Return exactly the lines from the one containing "最后,公司党委书记邹火明教授" through the end of the material below, and leave the images out.

[[ Source data open ]]

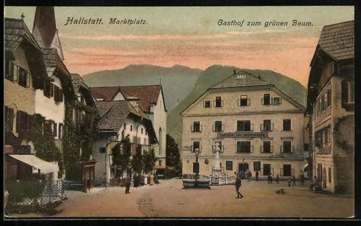 AK Hallstatt, Gasthof zum grünen Baum am Marktplatz
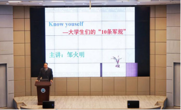 最后,公司党委书记邹火明教授给新生做了《老员工的十条军规》的主题讲话。他提出“学习需要新方法”;告诫大家“目标明确有规划”;表达了老员工“综合素质要提高”的期盼;鼓励大家“实践能力多锻炼”;要求“坚决不做低头族”;勉励大家“知心朋友不可少”;以“青青苹果慎采摘”告诫同学们要慎重对待老员工恋爱问题;鞭策大家“社交能力要提高”;鼓舞大家“参加培训拿证书”;激励大家“创业兼职长见识”。
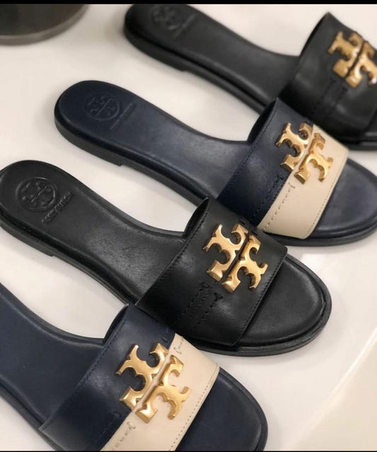 Tory Burch Signature Slippers – New Arrival (Black-Off White)

[[ Source data closed ]]

Result.
 最后,公司党委书记邹火明教授给新生做了《老员工的十条军规》的主题讲话。他提出“学习需要新方法”;告诫大家“目标明确有规划”;表达了老员工“综合素质要提高”的期盼;鼓励大家“实践能力多锻炼”;要求“坚决不做低头族”;勉励大家“知心朋友不可少”;以“青青苹果慎采摘”告诫同学们要慎重对待老员工恋爱问题;鞭策大家“社交能力要提高”;鼓舞大家“参加培训拿证书”;激励大家“创业兼职长见识”。
 Tory Burch Signature Slippers – New Arrival (Black-Off White)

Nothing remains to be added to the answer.